Imagine buying a tube of toothpaste. After using the toothpaste, you are rushed to the emergency room to have your stomach pumped. The paste contained rat poison. But, when you try to complain, you are told that you should have read the label more carefully, as the ingredient list included hydroxycoumarin. You are told that you should have known that meant rat poison.

Now imagine if the conclusion of most pundits and policymakers were “no new laws are needed; you just need more chemistry education.” Sounds ridiculous, doesn’t it?

But that’s the same situation consumers face every day with financial products that are advertised at one rate, but that rate mysteriously sky-rockets months later.

How do we protect consumers? In the real world, toothpaste is regulated as a product, and the government ensures a basic level of safety. But credit cards, mortgages, and other financial products are treated as contracts. When it comes to contracts, the government views its job as nothing more than enforcing the terms of the contract, regardless of the outcome.

This makes a certain amount of sense when the contract is between two small business owners who are agreeing on the price of installing a new roof. But when it comes to financial products, the law is behaving as if the average consumer were on the same footing as a $1 trillion bank, and that you can quickly analyze the contract and bargain at will.

This is absurd. Just try reading the lengthy contract that comes with your next credit card -- and then try calling the bank to tell them you’d like to amend the arbitration clause and the rate disclosure notification period.

The recent hubbub in Congress about a Credit Card Bill of Rights is certainly a step in the right direction. After decades of being held captive by the ultra-powerful banking lobby, it’s great to see Washington thinking about consumers for a change.

But does a bill of rights really solve the problem? It certainly tackles a few of the worst abuses: double cycle billing, retroactive rate hikes, and abusive practices toward college students.

But the proposal is silent on a variety of other nasty practices. It doesn’t do a thing about those ridiculous penalty fees when the check is 10 minutes late. And while it requires a 45-day notice to increase your rate, card issuers still have the right to raise your rate any time, by any amount, even if you haven’t done anything wrong.

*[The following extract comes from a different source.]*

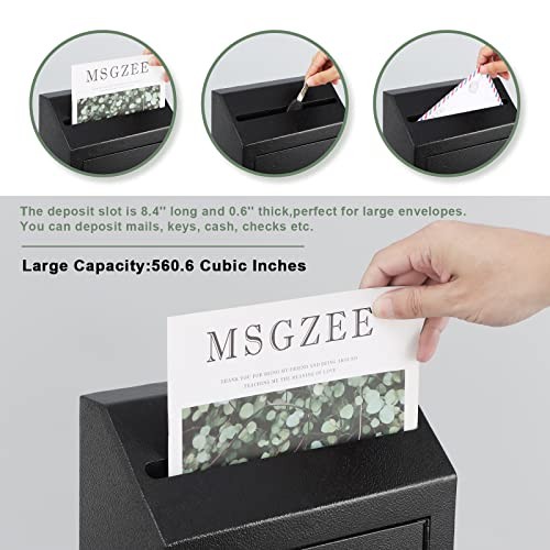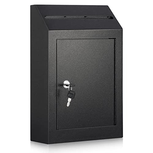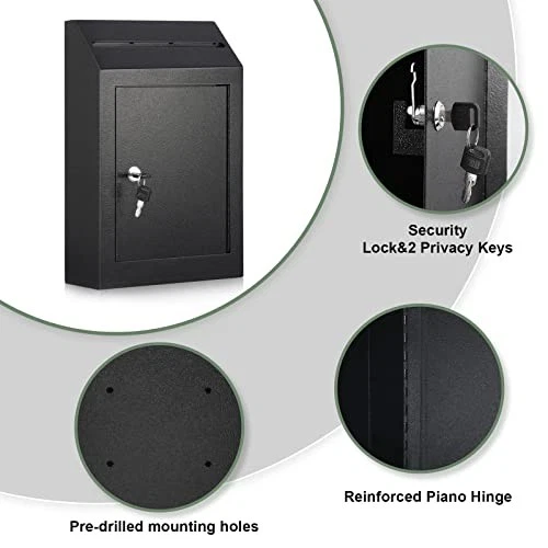Return Policy Fast Delivery Trusted seller Wall-Mount Mailbox,Heavy Duty Deposit Drop Box, Locking Metal Key Drop Box Suggestion Box with Key Lock,Secured Safe Storage Box Postbox for Home&Business Use,15x12x4 Inch,Black Product Description 【DURABLE MATERIAL】- ’s Drop Box is made of powder-coated heavy-duty steel to ensure durability and long life, and provide high-security protection and safe storage for your mails. The black textured surface is not only scratch-resistant and modern as well as beautiful. 【PLENTY OF STORAGE SPACE】- The safe storage box measures 15(H)x12(L)x4(W) inches, offering plenty of storage space for your emails, documents, letters, etc. The size of the opening slot is 9.1x0.47 inches. 【SAFETY STORAGE】 - The mailbox is designed to prevent fishing with a jagged metal baffle inside. It comes with 2 keys and a secure latch that can keep your letters in a safe space. 【MULTI PURPOSE USE】-Not only can this drop box be hung under a porch as a mailbox, but it can also be hung in a conference room or placed on a conference table as a suggestion box. 【EASY TO INSTALL】- wall-mounted mailbox package includes mounting hardware and detailed instruction for convenient installation. It can be easily installed on the wall, suitable for commercial and residential purposes. 【EXCELLENT AFTER-SALES SERVICE】-After receiving the package, please carefully check whether the package is in good condition and the hardware complete. If hardware is missing or the product is damaged during transportation, please feel free to contact us and give us a chance to solve it for you. We are glad and committed to giving you a perfect shopping experience. Shipping Returns Payment Shipping Shipping is FREE to all addresses other than APO/PO boxes in the lower 48 states. All our stock ships from US-based warehouses. Shipped via USPS or UPS (depending on location and package weight) Unless stated otherwise, all orders will ship within 24-72 hours of your payment being processed. Check our feedback to see the great reviews of FAST shipping we offer. Returns Seller does not accept returns Payment We currently accept payment via eBay managed payments only. Once payment is cleared, we will dispatch your shipment within 1-3 business days. Please refer to the "Shipping" tab for more information regarding shipping speed to your destination.

A better approach to dealing with the credit card debacle would be a simple proposal to create a Consumer Financial Product Commission.

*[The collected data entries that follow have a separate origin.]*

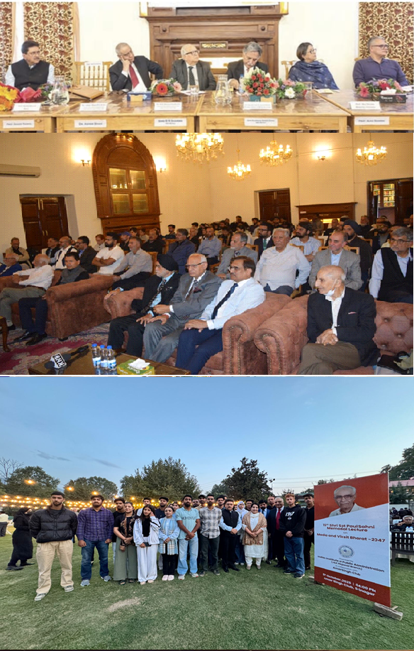 The Indian Institute of Public Administration (IIPA), Jammu & Kashmir Regional Branch, in collaboration with the Amar Singh Club, Srinagar, organised the 15th S. P. Sahni Memorial Lecture on October 5, 2025, at the Amar Singh Club, Srinagar. The memorial lecture was delivered by Prof. Shahid Rasool, Dean Academic Affairs and Dean, School of Media Studies, Central University of Kashmir, who emphasised the critical role of developmental journalism in achieving the vision of “Viksit Bharat @2047”. He highlighted concerns over the commercialisation of mainstream media were highlighted with a need to empower citizens through digital access, and the responsibility of media to Page 2 of 2 strengthen democracy, promote scientific temper, and focus on inclusive and positive narratives. Shri Khurshid Ganai, former Advisor to the Governor, delivered the Chief Guest address, highlighting key challenges facing the country despite economic progress. In his presidential address, Shri B. R. Sharma, Chairman, IIPA J&K Regional Branch and former Chief Secretary, J&K, paid rich tributes to Late S. P. Sahni, recalling his legacy as a committed journalist and a bridge between societies during challenging times. The lecture was attended by eminent intellectuals, academicians, media professionals, civil society members, and family members of Late S. P. Sahni
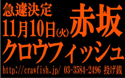 急遽決まった赤坂CRAWFISHでのライヴです。 平日ですが、NoChargeですので、この機会に是非行ってみましょう♪ ☆日時:11/10(火) 20:00〜 ☆NoCharge(投げ銭) ☆連絡先:03-3584-2496 〒107-0052 東京都港区赤坂3-11-7 ソシアル赤坂地下 http://crawfish.jp/ お店もキレイで音が良いとの評判ですねっ!! お料理もおいしそうだっ!! Crawfish=エビ、ですが、なんでエビなんでしょうねぇ〜? どなたか聞いてきてくださいっ!w
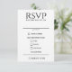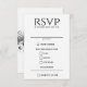 Un design de carte de réponse simple avec un espace pour 3 options de dîner pour vos invités et une ligne pour une demande de chanson ou une allergie alimentaire. Nous sommes heureux de personnaliser ceci davantage pour vous, n'hésitez pas à nous envoyer un message pour obtenir de l'aide.

In the 1970s, Congress created the Consumer Product Safety Commission (CPSC), tasked with establishing safety standards, recalling unsafe products, and banning products that pose unreasonable risks. Since then, the CPSC has played a major role in ensuring safer products and a fairer marketplace. They work to keep us safe from lead paint, car seats that collapse on impact, arsenic in kids’ toys, and, yes, rat poison in our toothpaste. In fact, the CPSC estimates that standards for three products alone -- cigarette lighters, cribs, and baby walkers -- save more than $2 billion every year.

Modeled on the CPSC, the proposed Consumer Financial Product Commission would take on the job of ensuring that disclosures are clear, financial products do what they’re supposed to do, and the playing field is level and fair. Most important, it could act quickly and nimbly.

If done properly, the new agency would not try to fix prices. Nor would it prevent consumers from ever charging too much on a credit card or taking on a mortgage they can’t afford; it would be absurd to try to guarantee that no one would ever behave foolishly. (After all, the CPSC can’t prevent someone from throwing a blender into the bathtub.) But the new agency could eliminate the long contracts and give us fewer surprises when we open our credit card statements. And it could stamp out marketing that advertises a 5 percent interest rate in large print and buries the 35 percent interest rate in the fine print.

A Financial Product Safety Commission certainly doesn’t sound as exciting as a “Bill of Rights,” but it really is a far better way to govern, and could go a long way toward helping consumers. Isn’t that worth giving it a try?
Tyagi is co-founder of Business Talent Group, and co-author of “Two-Income Trap” and “All Your Worth.”